Böyle bir azabın imkânsız olduğunu vehmediyorlar.

“Biz ise onu yakın görüyoruz.” (Meâric: 7)

Çekecekleri azabın emri verilmiştir, eninde sonunda başlarına gelecektir. Çünkü her gelmekte olan şey yakındır.

 

Kıyamet ve Gökyüzü:

Mukadder olan zamanı gelince dünya hayatı son bulacaktır.

Kıyametin kopma hadisesi sadece dünyada değil, mevcut sistemlerin hemen hepsini içine alacak ölçüde olacaktır.

“O gün gök erimiş bakır gibi olur.” (Meâric: 8)

O günün dehşetinden gök çalkalana çalkalana her taraftan yarılır. Parça parça olduğunda, açılmış gül gibi kıpkırmızı olur ve eritilmiş zeytinyağı gibi mâyi bir hâle gelir, bakıldığında ateşle tutuşmuş gibi görünür. Gücünü, kuvvetini, özelliğini kaybeder. Böylece ilâhi emir ve hüküm gerçekleşmiş olur.

 

Kıyamet ve Dağlar:

Dünya nizamının alt-üst olacağı o büyük hadise vuku bulduğunda, dağlar o muhteşem cesametleri ve ağırlıkları ile beraber köklerinden sökülür yerlerinden kopar, havaya kalkar, ufalandıkça ufalanır, toz haline gelir, hallaç pamuğu gibi atılıp dağılır, yükseklikleri düzlüğe dönüşür.

“Dağlar da atılmış pamuğa benzer.” (Meâric: 9)

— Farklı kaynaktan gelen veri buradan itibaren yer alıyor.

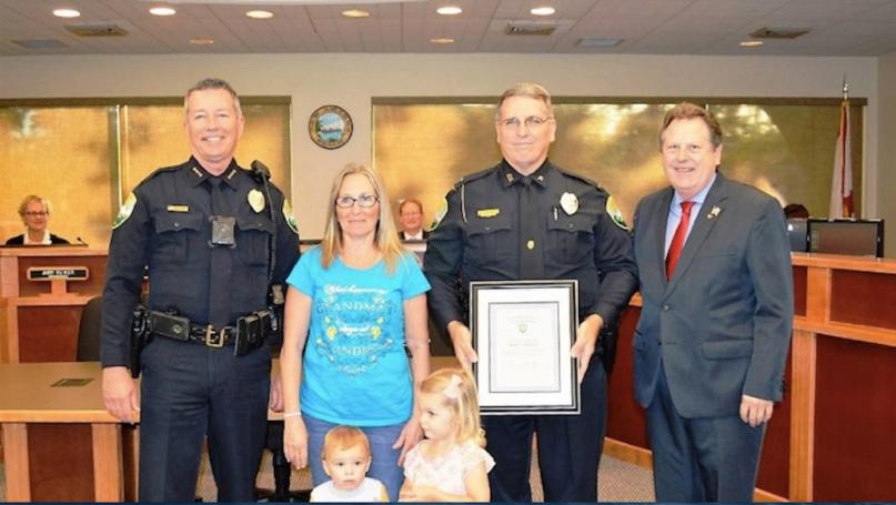 Photo for Headline Surfer / New Smyrna Beach Police Chief Mike Coffin and Mayor Jim Hathaway serve as bookends for newly-promoted Police Lt . Mark Severance, shown with his wife, Denise Severance, and their grandchildren, David and Georgia Severance at Tuesday's City Commission meeting. Looking on from the dais are City Commissioners Judy Reiker and Jason McGuirk.

Yeryüzüne çakılmış gibi görünmelerine rağmen, rüzgâra tutulan yün teli gibi uçuşurlar. Bulutlar gibi oraya buraya hareket ederler. İlâhî rahmet yetişmeyecek olursa vay o insanların haline!

Pek korkunç öyle bir hadise yüz gösterir ki, yeryüzü bitkisiz, binasız, boş, düz, kuru bir arazi haline gelir. Ne iniş ne çıkış, ne girinti ne çıkıntı görülür, yüksek ve alçak hiçbir şey kalmaz.

Dağlar böyle olunca, insanların ne hâle geleceği düşünülmelidir.

O günü inkâr edenler, kendilerini ne büyük bir felâketin beklediğinden hiç haberleri yoktur. Daima bâtıla meyledip bâtılla ülfet ettikleri için, Hakk’a yanaşmaz ve Hakk’ı kabul etmezler.